Ариадна Эфрон вспоминала о замечательном диалоге, который случился у нее с Буниным перед самым отъездом в Россию. Она собиралась ехать задолго до того, как разоблачили как агента НКВД ее отца Сергея Эфрона, после серьезной ссоры с матерью, после пощечины от нее. На прощание она встретилась с Буниным в Париже, и Бунин ей сказал: «Дура! Девчонка! Не понимаешь, куда едешь! К подлецам! На верную смерть! Господи, было бы мне, как тебе, двадцать лет, пешком пошел бы туда, ноги бы стер до колен!» Вот в этом действительно бунинская внутренняя, вполне органическая, кстати, противоречивость. Бунин почти дословно копирует известную фразу Толстого, сохраненную Леопольдом Сулержицким, то же самое противоречие в толстовской душе. Толстой с Сулером, любимым Лёвушкой, идут по Арбату и видят впереди двух кавалергардов: «Какая гадость! – говорит Толстой. – Смотри, Лёвушка, животные, ничего духовного! Идут, шпорами бренчат! Какие- то слоны! Как можно! Никакой искры души в глазах!» Потом, поравнявшись с ними, проходит и говорит: «Господи, как хорошо – молодость, счастье, здоровье! Все бы отдал, чтобы сейчас вот так идти по Арбату!» И в этом смысле, конечно, Бунин наследует Толстому наиболее прямо, поскольку носит в душе те же неразрешимые противоречия между прелестью и бренностью, между очарованием и смертностью и никакого выхода из этого противоречия предложить не может.
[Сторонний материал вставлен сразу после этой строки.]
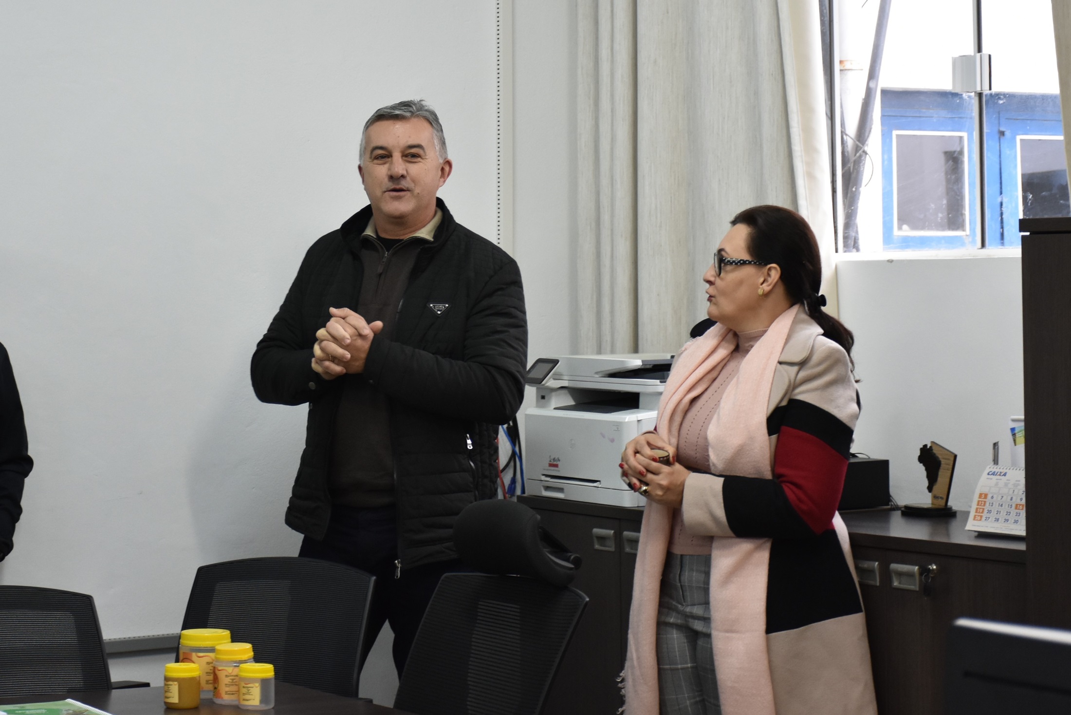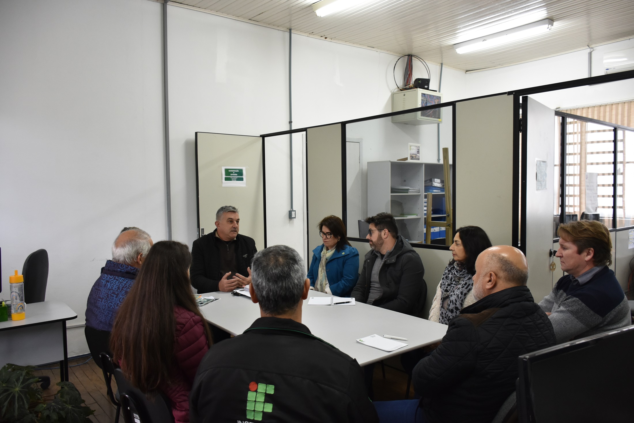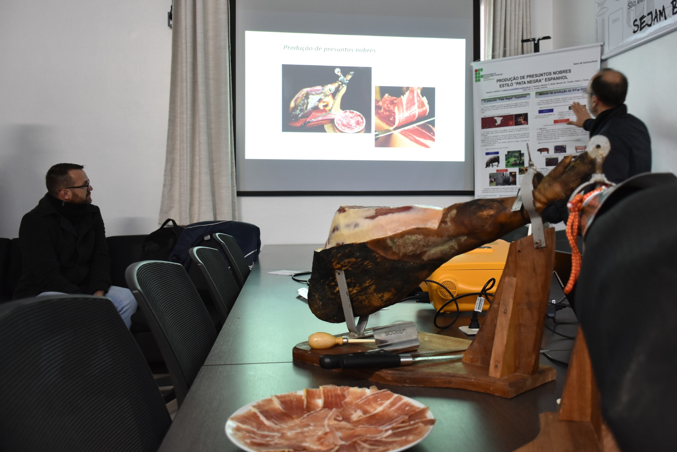 Durante a recepção, ocorrida no Gabinete da Direção, alguns projetos de pesquisa e extensão foram apresentados à equipe, como por exemplo a produção de presuntos nobres e as atividades da Sala do Mel (clique nos links para saber mais). Após, ocorreram as reuniões sistêmicas de cada pró-reitoria com as diretorias correspondentes.

Удивительное дело случилось с Буниным. Он и родился, в сущности, эмигрантом, родился человеком, для которого странничество – не только естественное состояние, но и, пожалуй, наиболее органичная цель. Цель, которой он обязан достигнуть, чтобы его мировоззрение, его художественный результат пришли наконец в соответствие с биографией.
Для нас Бунин был источником слишком экзотических сюжетов и слишком ярких описаний, слишком удивительных женских образов – и мы в свои семнадцать (или в пятнадцать, или в шестнадцать) лет совершенно не задумывались о том, как это беспомощно с литературной точки зрения. Тем более что написано это нобелевским лауреатом и признано мировым сообществом.
Бунин поразителен тем редким в русской литературе сочетанием, которое Толстой отмечал применительно к Тургеневу. Он говорил: «Одно, в чем он такой мастер, что руки опускаются писать после него, – это пейзажи. А как подумаешь, какая глупость происходит среди этой природы!..» Вот, пожалуй, действительно: руки отнимаются писать после того, как увидишь прописанный Буниным антураж. Но представить себе, что происходит в этом антураже, в принципе невозможно. То есть ни одного нормального, классически развивающегося, хоть сколько-нибудь достоверного, хоть сколько-то психологически убедительного сюжета мы у Бунина почему-то не находим.